One of the most welcome surprises of the last Venice Film Festival was the directorial debut of Gian Alfonso Pacinotti, aka Gipi, one of the most important and refined Italian designers (he collaborates, among other things, with La Repubblica and Internazionale). Struggling with a profound creative crisis, Gipi accepted Domenico Procacci's proposal and chose to open his artistic experience to the seventh art. The challenge was a non-trivial one, especially since for Gipi it was not a question of staging his own comic book universe, but of creating a new one, capable of mixing science fiction and urban drama and of embracing an increasingly disillusioned society with his gaze. For his debut behind the camera, Gipi was inspired by a colleague's comic book (Nobody will hurt himself, by Giacomo Monti), demonstrating how prolific the paths of creativity between graphic novels and the big screen are.
“Outside the cinema, meanwhile, everything is falling apart. But it's normal, because films beat existence sixty to zero on the table. As Truffaut said: “Films move forward like trains, you understand? Like trains in the night." Speaking of trains. Yesterday, on the train, I wrote the first ten pages of what I would like, if I don't die first, to be my second film. We will see". (Gipi)
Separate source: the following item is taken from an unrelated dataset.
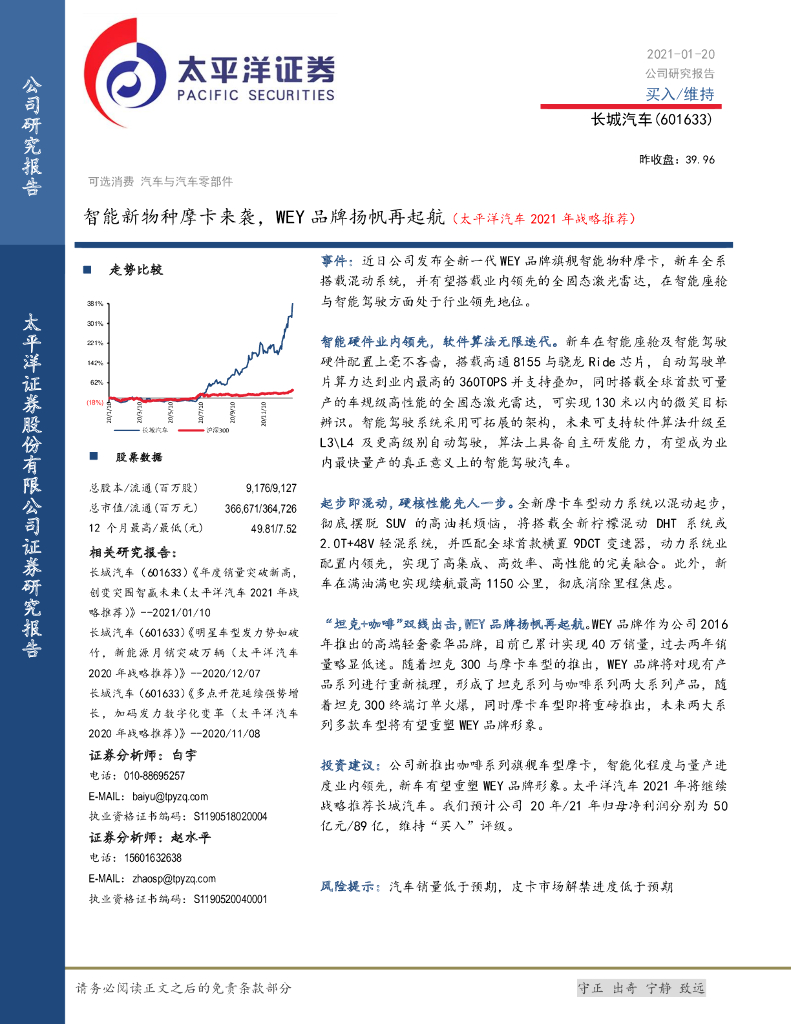 太平洋证券:长城汽车(601633)-智能新物种摩卡来袭,WEY品牌扬帆再起航(太平洋汽车2021年战略推荐).pdf

Enrico Magrelli: Journalist and film critic, Enrico Magrelli has been, since the first episode, one of the authors and hosts of the Rai 3 daily program Hollywood Party. He was director of cinema news at Tele+. From 1979 to 1982 he was part of Carlo Lizzani's creative and organizational staff at the Venice Film Festival. From 1988 to 1990 he was Director of the Critics' Week of the Venetian festival. In 1991 he was Guglielmo Biraghi's right-hand man at the Venice Film Festival. His monographs dedicated to Robert Altman, Roman Polanski, Nanni Moretti. He has edited a dozen volumes including: Pier Paolo Pasolini, Marilyn Monroe, Rainer Werner Fassbinder, Nagisa Oshima, Satyajt Ray. Since 2004, he has been part of the Selection Commission of the Venice International Film Festival, an event in which he works side by side with director Marco Müller. Since 2009 he has been Curator of the National Film Library. He is the author and host of Ciakpoint, a Rai Movie program dedicated to cinema.
Gian Alfonso Pacinotti (Gipi) was born in Pisa in 1963. In 1994 he began publishing cartoons and short stories in the satirical magazine Cuore. The first comic stories appeared in the monthly magazine Blue and then in other Italian newspapers and newspapers. For the publishing house Coconino Press he has created several books: from Esterno Notte to Appunti per una storia di guerra, awarded as Best comic of the year at the Angoulême International Festival in 2006. Among his other works, Questa è la stanza, the series Baci dalla Provincia, S., La Mia Vita Disegnata Male, the anthology Diario di fiume and Verticali. In July 2011, Omnibus Gipi, a paperback collection of his major works, was released in bookstores. Gipi is also an illustrator for the newspaper La Repubblica and collaborates with the weekly Internazionale. L’ultimo terrestre is his first film.